**Record extracts:**
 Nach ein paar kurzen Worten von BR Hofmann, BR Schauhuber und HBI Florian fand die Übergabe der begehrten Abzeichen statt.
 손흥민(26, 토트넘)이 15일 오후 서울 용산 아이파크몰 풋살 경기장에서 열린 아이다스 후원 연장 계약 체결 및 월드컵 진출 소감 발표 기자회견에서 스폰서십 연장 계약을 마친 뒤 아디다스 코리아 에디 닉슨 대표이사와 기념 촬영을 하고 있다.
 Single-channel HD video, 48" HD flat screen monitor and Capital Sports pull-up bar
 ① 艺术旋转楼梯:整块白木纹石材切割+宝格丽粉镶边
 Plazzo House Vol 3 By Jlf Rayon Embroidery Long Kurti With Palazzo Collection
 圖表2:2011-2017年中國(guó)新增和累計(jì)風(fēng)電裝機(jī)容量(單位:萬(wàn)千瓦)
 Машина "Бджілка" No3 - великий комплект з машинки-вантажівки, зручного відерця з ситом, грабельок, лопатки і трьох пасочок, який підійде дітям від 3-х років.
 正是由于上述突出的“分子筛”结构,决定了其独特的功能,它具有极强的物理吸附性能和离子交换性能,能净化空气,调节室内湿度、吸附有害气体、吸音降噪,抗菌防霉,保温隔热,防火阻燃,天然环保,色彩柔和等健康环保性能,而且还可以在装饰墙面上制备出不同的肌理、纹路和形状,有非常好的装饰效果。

...

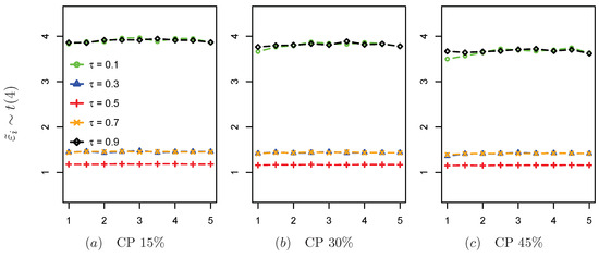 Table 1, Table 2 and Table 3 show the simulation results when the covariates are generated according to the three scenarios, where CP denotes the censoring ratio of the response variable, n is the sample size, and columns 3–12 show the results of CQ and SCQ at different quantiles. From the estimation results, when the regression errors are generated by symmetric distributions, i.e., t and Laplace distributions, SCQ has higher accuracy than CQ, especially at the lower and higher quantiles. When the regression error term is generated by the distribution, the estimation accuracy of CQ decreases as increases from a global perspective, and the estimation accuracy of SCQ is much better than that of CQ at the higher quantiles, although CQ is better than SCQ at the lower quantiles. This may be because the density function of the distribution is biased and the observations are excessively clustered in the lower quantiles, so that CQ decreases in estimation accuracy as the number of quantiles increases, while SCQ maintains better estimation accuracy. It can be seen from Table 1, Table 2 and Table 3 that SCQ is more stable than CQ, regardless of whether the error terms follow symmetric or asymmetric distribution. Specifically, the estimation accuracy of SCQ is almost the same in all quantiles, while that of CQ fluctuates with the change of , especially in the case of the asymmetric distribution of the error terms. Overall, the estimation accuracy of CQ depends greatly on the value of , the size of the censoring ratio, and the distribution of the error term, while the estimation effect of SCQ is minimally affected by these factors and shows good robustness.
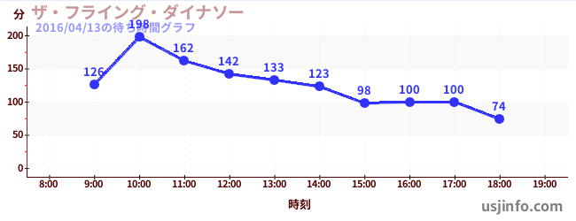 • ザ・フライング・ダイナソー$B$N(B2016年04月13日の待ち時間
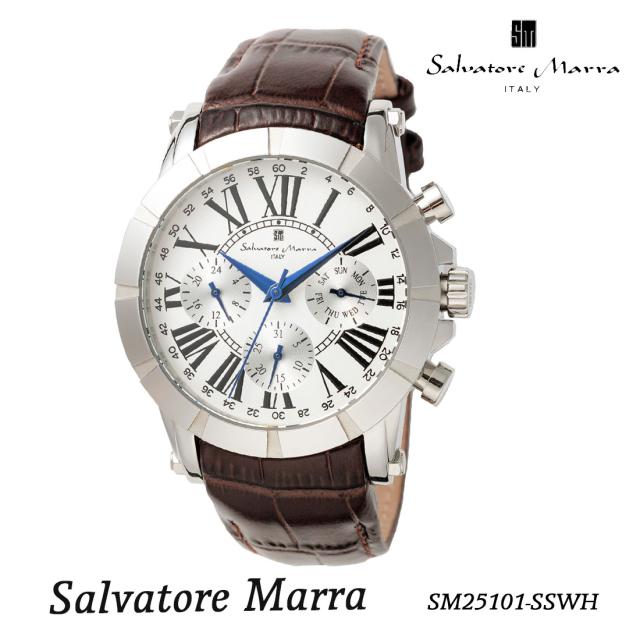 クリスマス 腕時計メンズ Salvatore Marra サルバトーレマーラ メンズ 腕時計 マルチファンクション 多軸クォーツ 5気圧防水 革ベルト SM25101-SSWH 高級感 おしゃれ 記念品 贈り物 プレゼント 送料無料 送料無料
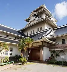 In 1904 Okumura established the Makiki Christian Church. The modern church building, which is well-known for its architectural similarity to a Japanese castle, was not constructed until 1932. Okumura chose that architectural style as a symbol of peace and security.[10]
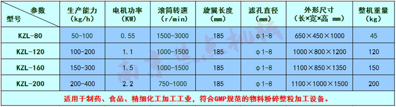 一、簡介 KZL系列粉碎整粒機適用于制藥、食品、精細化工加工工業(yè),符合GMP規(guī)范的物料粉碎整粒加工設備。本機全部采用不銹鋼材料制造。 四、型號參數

---

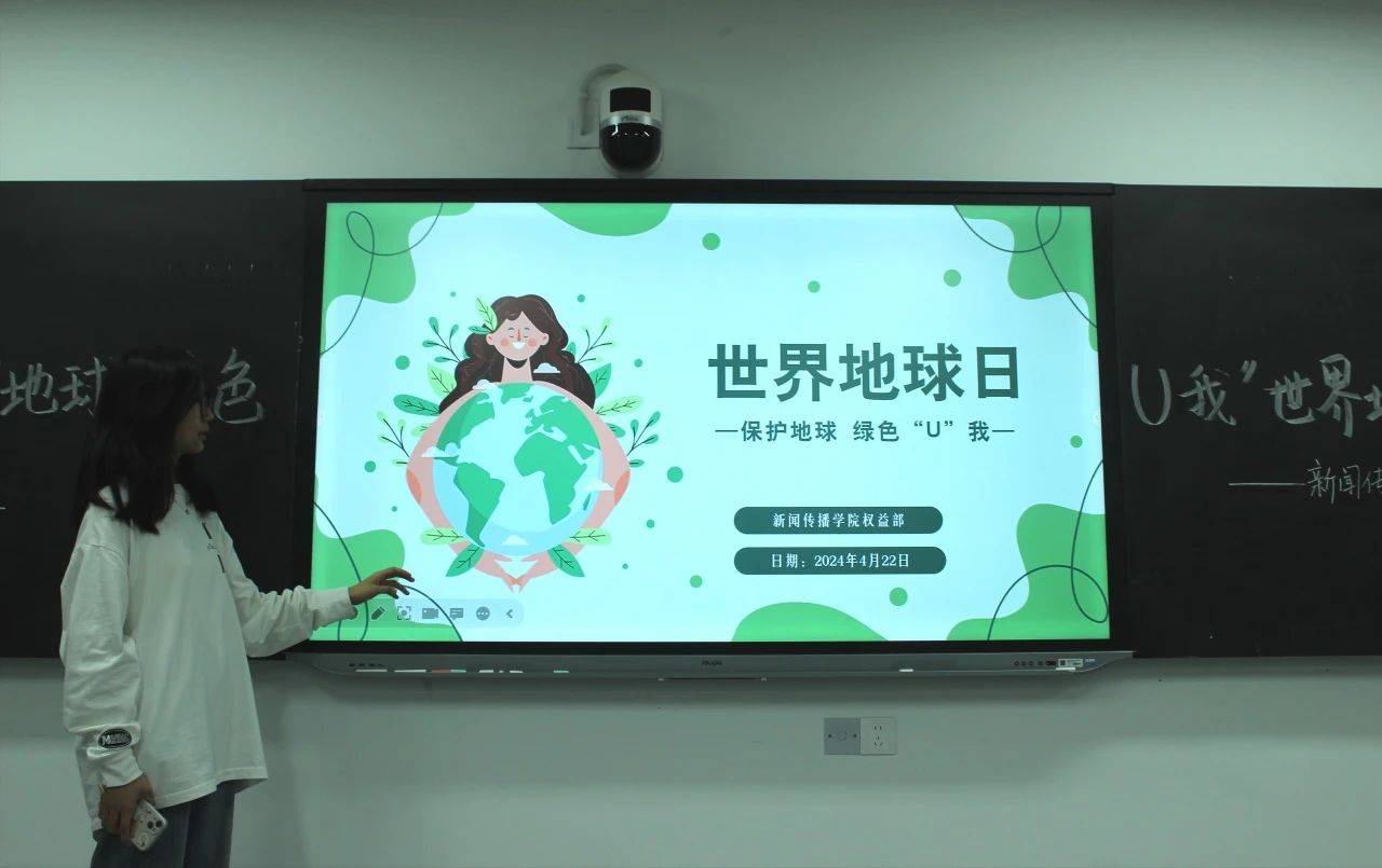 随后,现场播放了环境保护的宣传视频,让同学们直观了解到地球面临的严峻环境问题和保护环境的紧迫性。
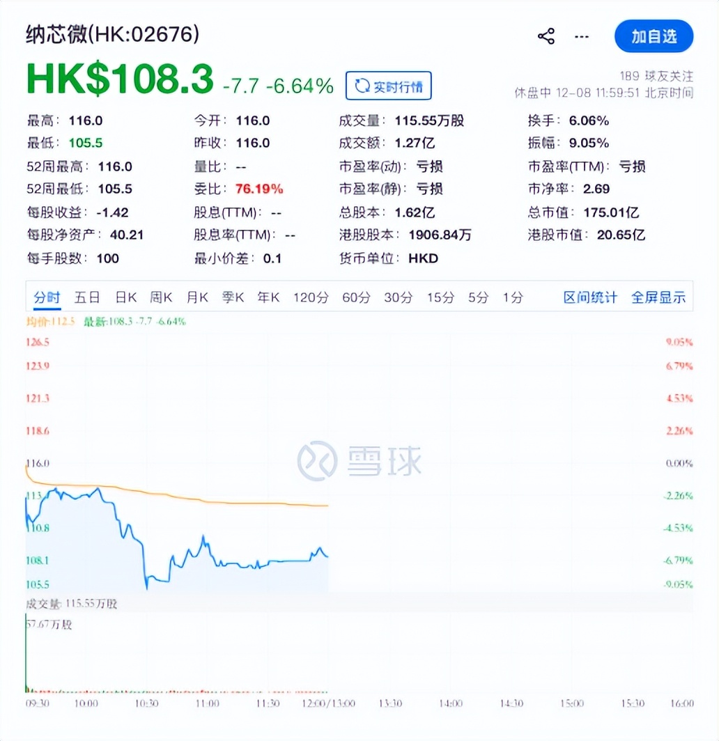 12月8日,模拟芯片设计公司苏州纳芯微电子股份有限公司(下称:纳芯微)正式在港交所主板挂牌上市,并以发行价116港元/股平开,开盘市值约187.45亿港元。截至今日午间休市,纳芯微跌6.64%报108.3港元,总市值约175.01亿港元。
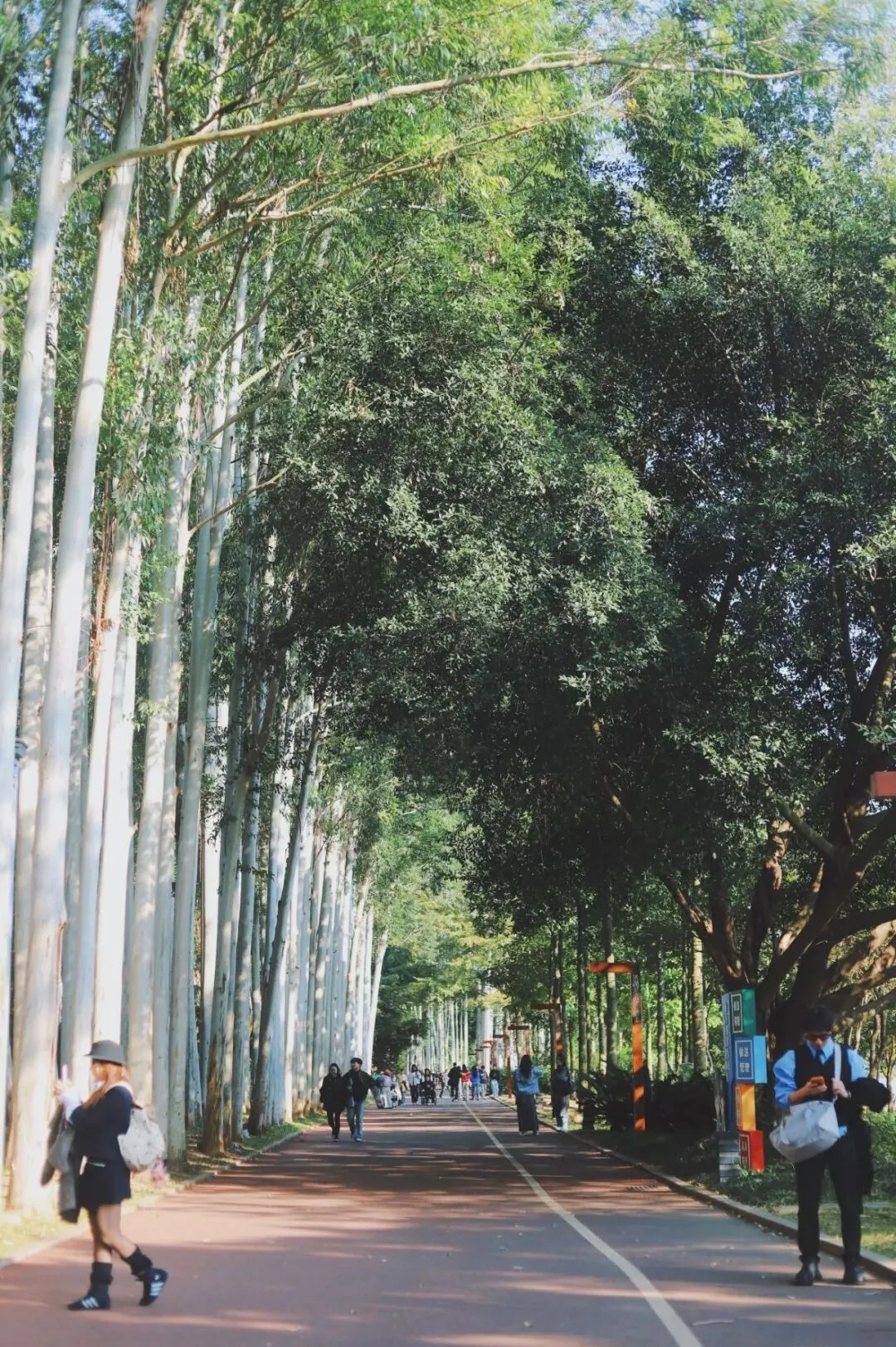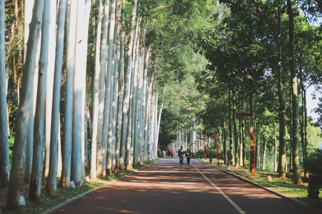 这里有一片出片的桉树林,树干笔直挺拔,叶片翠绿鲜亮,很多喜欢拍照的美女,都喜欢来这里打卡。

**Task requirements:** Above are the entries. Copy exactly the part that opens with the line containing "손흥민(26, 토트넘)이 15일" and closes with the line containing "Plazzo House Vol", and no more.

**Response to this task:**
 손흥민(26, 토트넘)이 15일 오후 서울 용산 아이파크몰 풋살 경기장에서 열린 아이다스 후원 연장 계약 체결 및 월드컵 진출 소감 발표 기자회견에서 스폰서십 연장 계약을 마친 뒤 아디다스 코리아 에디 닉슨 대표이사와 기념 촬영을 하고 있다.
 Single-channel HD video, 48" HD flat screen monitor and Capital Sports pull-up bar
 ① 艺术旋转楼梯:整块白木纹石材切割+宝格丽粉镶边
 Plazzo House Vol 3 By Jlf Rayon Embroidery Long Kurti With Palazzo Collection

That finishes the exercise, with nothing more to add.